*** Opening Records provided ***
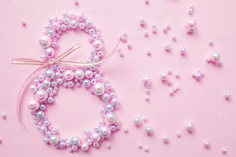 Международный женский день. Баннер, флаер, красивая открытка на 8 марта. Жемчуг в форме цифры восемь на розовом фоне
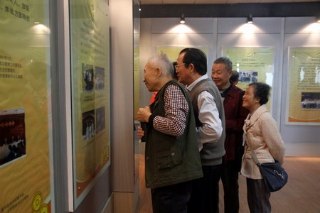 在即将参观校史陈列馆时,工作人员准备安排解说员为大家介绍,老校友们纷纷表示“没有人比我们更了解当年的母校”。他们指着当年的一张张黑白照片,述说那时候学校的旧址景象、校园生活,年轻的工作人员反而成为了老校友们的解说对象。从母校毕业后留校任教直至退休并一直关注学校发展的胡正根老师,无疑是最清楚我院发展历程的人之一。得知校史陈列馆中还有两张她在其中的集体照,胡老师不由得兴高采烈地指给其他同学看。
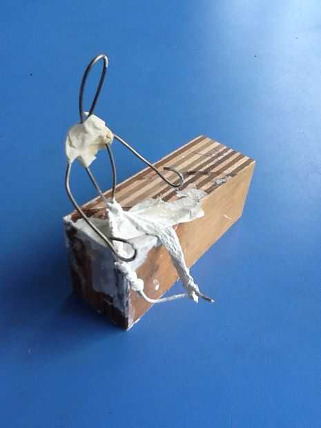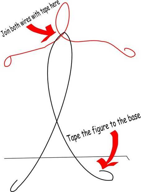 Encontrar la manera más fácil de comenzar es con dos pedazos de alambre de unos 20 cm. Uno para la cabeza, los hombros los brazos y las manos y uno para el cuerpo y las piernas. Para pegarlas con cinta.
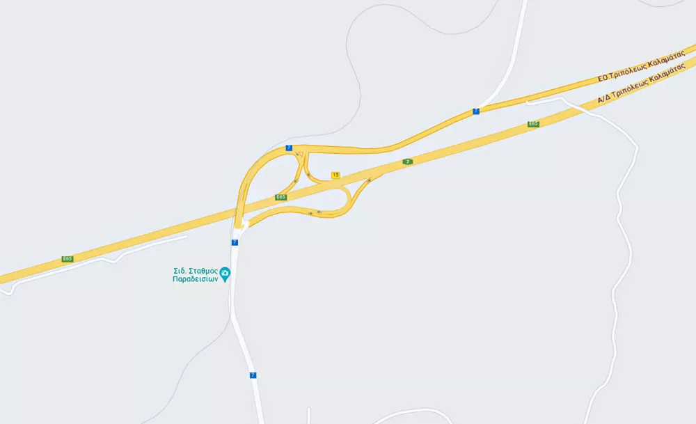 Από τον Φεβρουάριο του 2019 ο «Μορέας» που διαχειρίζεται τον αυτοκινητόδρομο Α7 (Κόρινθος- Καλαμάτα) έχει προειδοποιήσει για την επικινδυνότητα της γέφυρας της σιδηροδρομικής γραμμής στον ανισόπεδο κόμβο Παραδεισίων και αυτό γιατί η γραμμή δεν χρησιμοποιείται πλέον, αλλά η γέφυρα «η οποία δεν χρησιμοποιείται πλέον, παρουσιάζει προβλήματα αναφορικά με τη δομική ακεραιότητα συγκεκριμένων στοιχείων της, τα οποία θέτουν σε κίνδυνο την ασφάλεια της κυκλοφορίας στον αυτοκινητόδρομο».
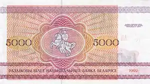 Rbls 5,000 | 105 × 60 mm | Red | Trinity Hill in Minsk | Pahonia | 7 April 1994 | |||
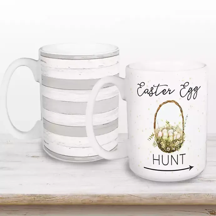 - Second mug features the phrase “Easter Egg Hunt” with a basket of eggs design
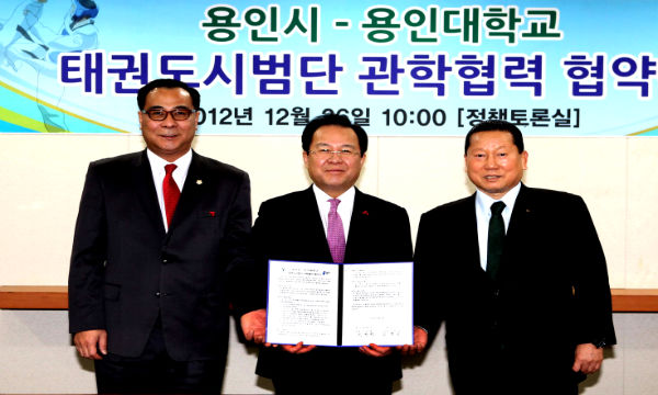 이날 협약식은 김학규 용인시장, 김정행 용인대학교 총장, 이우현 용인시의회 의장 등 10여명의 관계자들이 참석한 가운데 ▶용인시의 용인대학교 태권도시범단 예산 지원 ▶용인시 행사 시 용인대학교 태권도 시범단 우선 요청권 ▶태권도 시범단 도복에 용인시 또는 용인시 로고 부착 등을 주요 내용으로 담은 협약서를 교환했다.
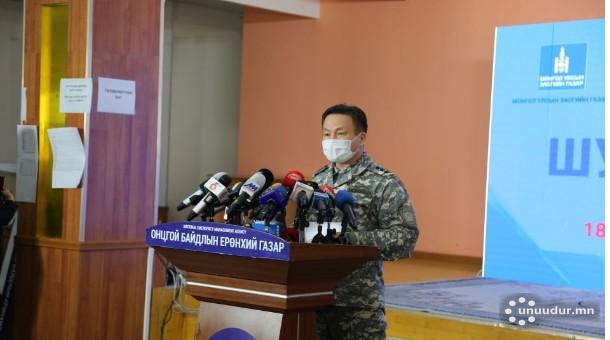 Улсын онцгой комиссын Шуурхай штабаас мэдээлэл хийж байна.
*** Closing Records provided ***
▸ **Your instructions**: The finished copy should match the data above word for word and contain no pictures.

▸ **Solved problem**:
 Международный женский день. Баннер, флаер, красивая открытка на 8 марта. Жемчуг в форме цифры восемь на розовом фоне
 在即将参观校史陈列馆时,工作人员准备安排解说员为大家介绍,老校友们纷纷表示“没有人比我们更了解当年的母校”。他们指着当年的一张张黑白照片,述说那时候学校的旧址景象、校园生活,年轻的工作人员反而成为了老校友们的解说对象。从母校毕业后留校任教直至退休并一直关注学校发展的胡正根老师,无疑是最清楚我院发展历程的人之一。得知校史陈列馆中还有两张她在其中的集体照,胡老师不由得兴高采烈地指给其他同学看。
 Encontrar la manera más fácil de comenzar es con dos pedazos de alambre de unos 20 cm. Uno para la cabeza, los hombros los brazos y las manos y uno para el cuerpo y las piernas. Para pegarlas con cinta.
 Από τον Φεβρουάριο του 2019 ο «Μορέας» που διαχειρίζεται τον αυτοκινητόδρομο Α7 (Κόρινθος- Καλαμάτα) έχει προειδοποιήσει για την επικινδυνότητα της γέφυρας της σιδηροδρομικής γραμμής στον ανισόπεδο κόμβο Παραδεισίων και αυτό γιατί η γραμμή δεν χρησιμοποιείται πλέον, αλλά η γέφυρα «η οποία δεν χρησιμοποιείται πλέον, παρουσιάζει προβλήματα αναφορικά με τη δομική ακεραιότητα συγκεκριμένων στοιχείων της, τα οποία θέτουν σε κίνδυνο την ασφάλεια της κυκλοφορίας στον αυτοκινητόδρομο».
 Rbls 5,000 | 105 × 60 mm | Red | Trinity Hill in Minsk | Pahonia | 7 April 1994 | |||
 - Second mug features the phrase “Easter Egg Hunt” with a basket of eggs design
 이날 협약식은 김학규 용인시장, 김정행 용인대학교 총장, 이우현 용인시의회 의장 등 10여명의 관계자들이 참석한 가운데 ▶용인시의 용인대학교 태권도시범단 예산 지원 ▶용인시 행사 시 용인대학교 태권도 시범단 우선 요청권 ▶태권도 시범단 도복에 용인시 또는 용인시 로고 부착 등을 주요 내용으로 담은 협약서를 교환했다.
 Улсын онцгой комиссын Шуурхай штабаас мэдээлэл хийж байна.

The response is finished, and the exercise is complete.